A pedestrian tracking and re-identification method based on deep learning comprises the following steps;
step 1: carrying out pedestrian target detection on the video image frame by adopting an improved YOLOv5-Lite model;
step 2: adopting a DeepSort model to perform feature extraction on the pedestrians detected in each frame in the step 1 to generate npy files;
and step 3: adopting Fastreid to carry out pedestrian re-identification detection, and carrying out feature extraction according to a preset pedestrian picture base to generate a npy file;
and 4, step 4: and (3) performing cosine similarity calculation on the feature extraction result of each pedestrian target in the step (2) and the feature extraction result of the specific pedestrian base in the step (3), wherein the formula is shown as (1), if the feature extraction result is greater than a threshold value gamma, the specific pedestrian target is judged to be the specific pedestrian target needing re-identification, the tracking of the pedestrian is performed by utilizing the tracking strategy of the improved Deepsort model, and otherwise, the target tracking is not performed
Figure BDA0003689045630000071
The step 1 comprises the following substeps:
step 1.1: the picture of the data set is input into a modified YOLOv5-Lite model network structure, as shown in fig. 2. According to the invention, a BiFPN module (a weighted bidirectional feature pyramid network) is added on the basis of the original YOLOv5-Lite, so that the feature extraction is effectively enhanced.
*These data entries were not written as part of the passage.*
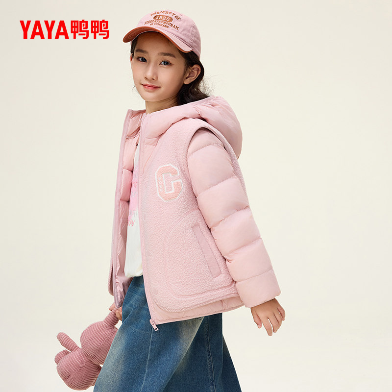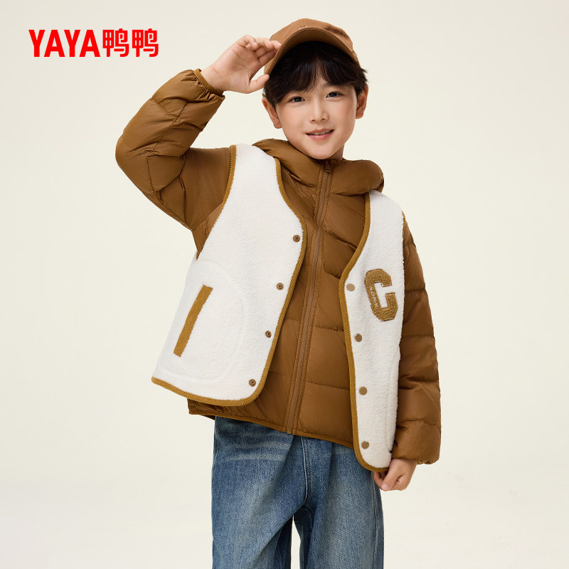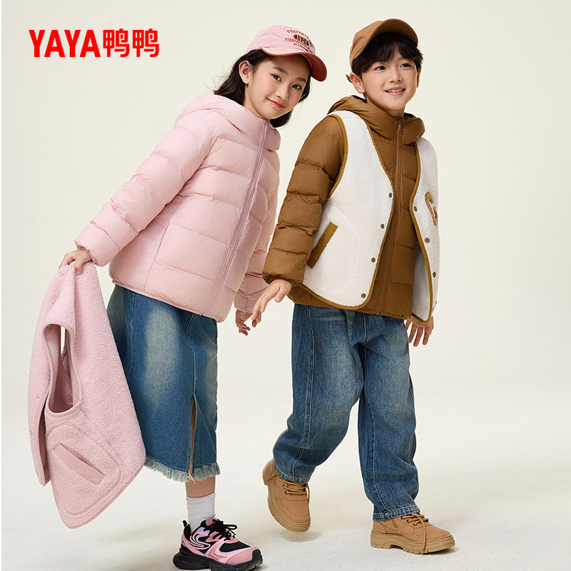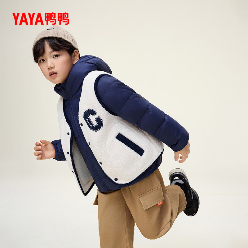 天猫鸭鸭官方旗舰店,鸭鸭短款轻薄男女童两件套羽绒服,羽绒内胆加摇粒绒马甲两件套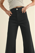 PERFECT TOUCH OF BLACK TO YOUR WARDROBE. THESE STRAIGHT WIDE LEG JEAN HAVE THE PERFECT AMOUNT OF STRECH FOR A VERY COMFORTABLE FIT. NO FRONT POCKETS, TWO BACK POCKETS, UNFINISHED HEM LEG. WEAR OUT FOR A NIGHT OF FUN WITH HEELS AND A SEQUIN TOP, OR WITH SNEAKERS AND A WARM SWEATER. YOU CANT GO WRONG WITH THESE.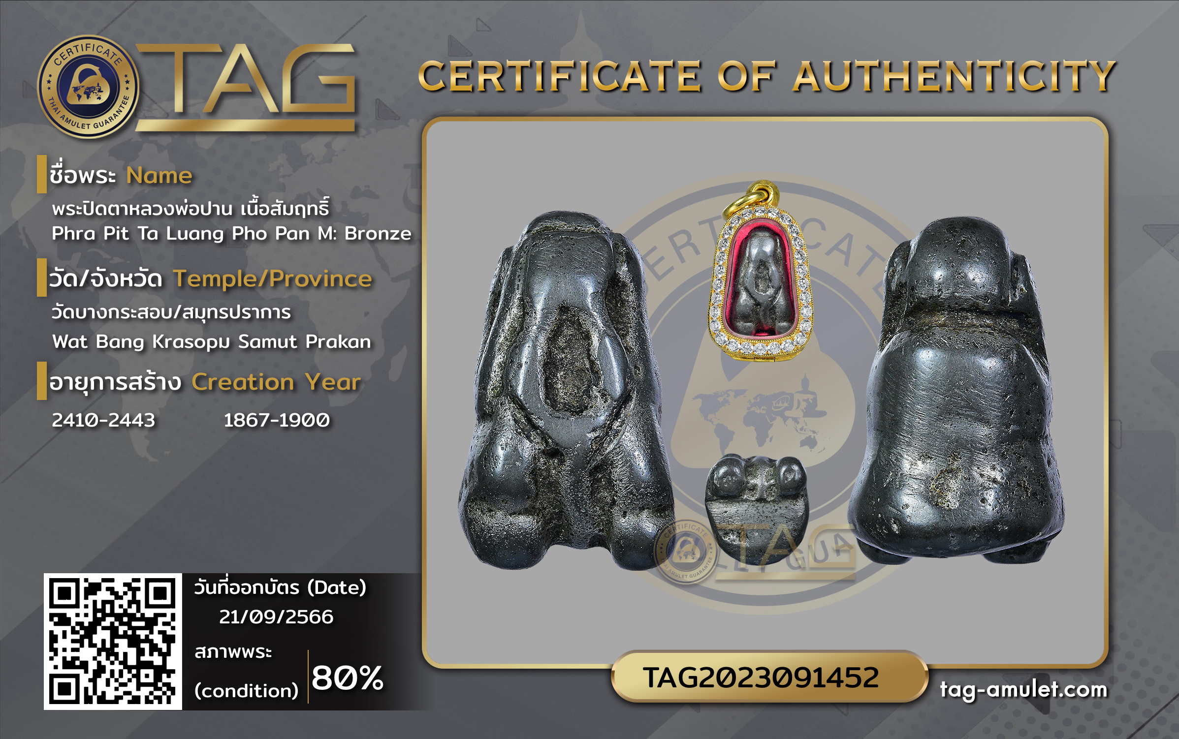 พระปิดตาหลวงพ่อปาน เนื้อสัมฤทธิ์วัดบางกระสอบ จังหวัดสมุทรปราการ ปี2410-2443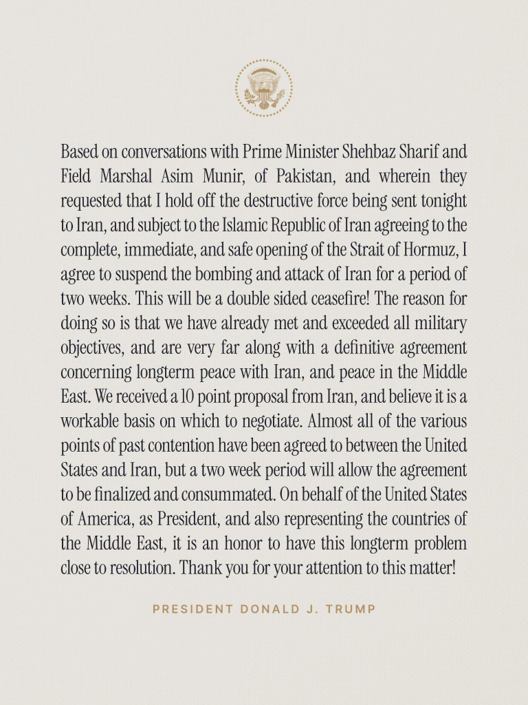 El mandatario afirmó que aceptaba “suspender el bombardeo y el ataque” durante 14 días y presentó la medida como un alto el fuego bilateral. Según su declaración, la pausa depende de que Irán garantice el tránsito por el estrecho, una ruta clave por donde circula cerca del 20% del petróleo mundial.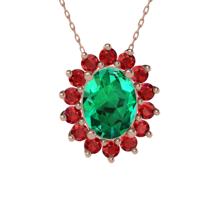Yeşil kuvars ve garnet 8 ayar rose altın kolye (40 cm rose altın rolo zincir)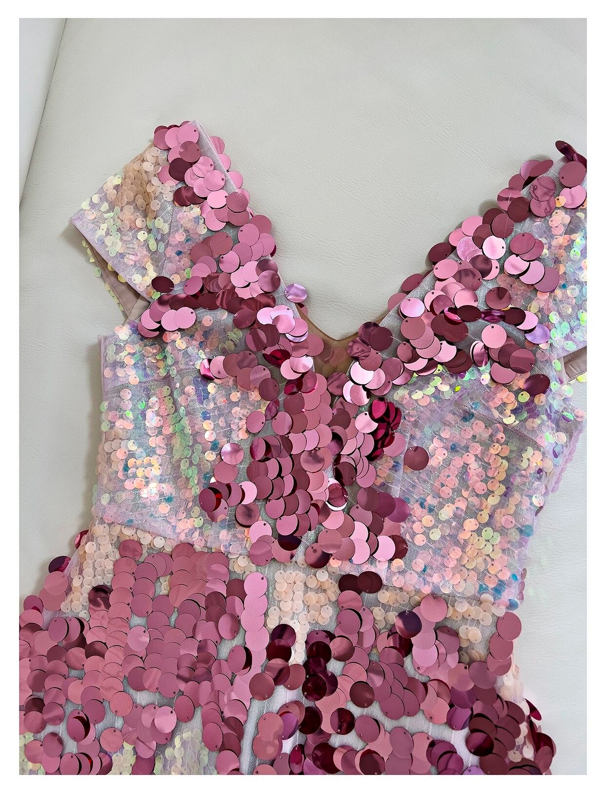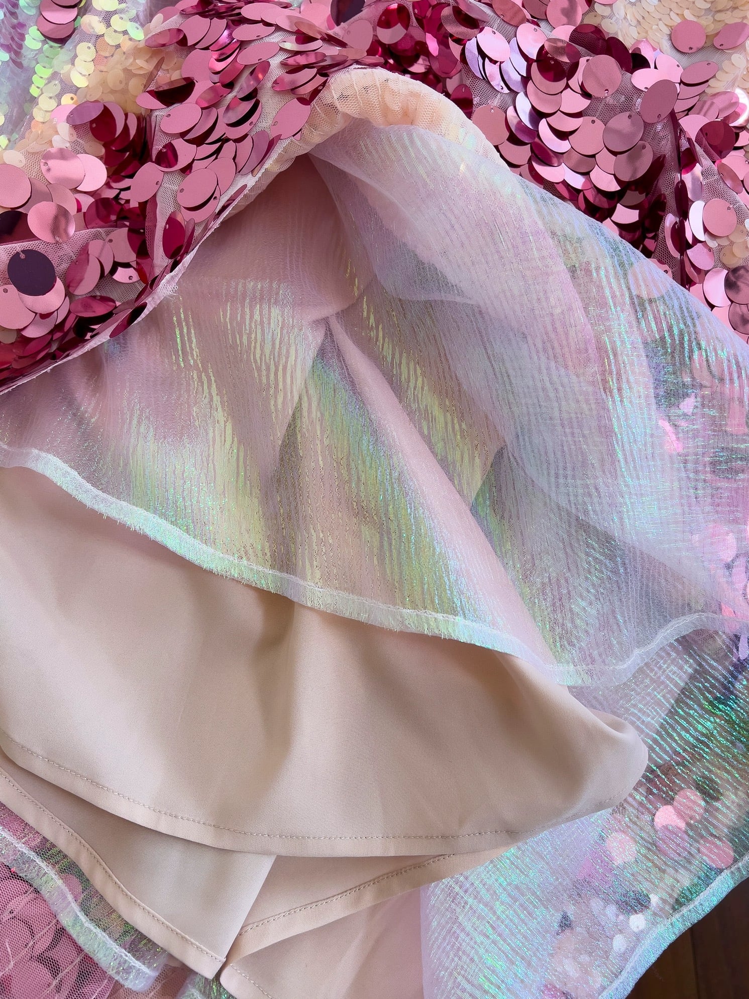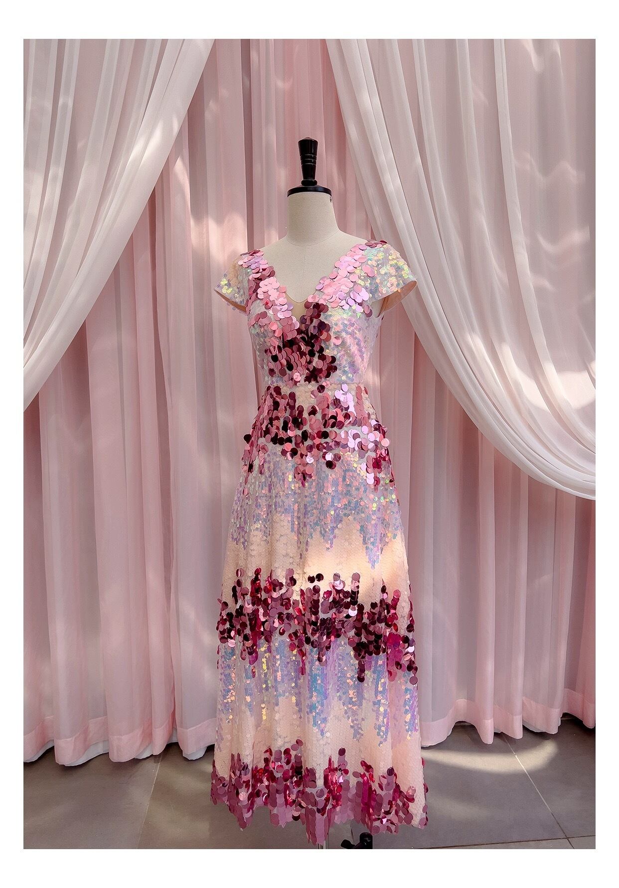 ピンク グラデーション スパンコール ワンピース キラキラ シルバー

The BiFPN realizes the combination of cross-scale bidirectional connection and quick normalization, inputs different feature weights and enables a network to learn by itself, and normalizes the weights between 0 and 1 in a mode of Softmax-based fusion as shown in a formula (2):
Figure BDA0003689045630000072
wherein, w i And w j Are learnable weights.
And 1.2, extracting the features of the picture by using the convolutional neural network, then outputting a feature graph, dividing the picture into small blocks, generating an anchor frame, associating the labeled prediction frame with the feature graph, and finally establishing a loss function and starting end-to-end training, wherein the loss function is shown as a formula (3).
Figure BDA0003689045630000081
Wherein
Figure BDA0003689045630000082
Representing the euclidean distance between the center points of the prediction box and the real box. c represents the diagonal distance of the minimum closure area that can contain both the prediction box and the real box. v is used to measure the consistency of the relative proportions of the two rectangular boxes, and α is a weighting factor:
Figure BDA0003689045630000083
the step 3 comprises the following substeps:
step 3.1: after an input picture is preprocessed, a pre-training model ResNet50 is called as a backhaul, an output feature graph represents an object through a feature vector in a polymerization mode through Gem Pooling, the feature vector obtained in the front is changed to a certain extent through a Bnneck module, and finally triple loss is defined to learn similarity in classification and discrimination in classification, so that direct discrimination between different feature vectors is more obvious, and the same feature vectors converge.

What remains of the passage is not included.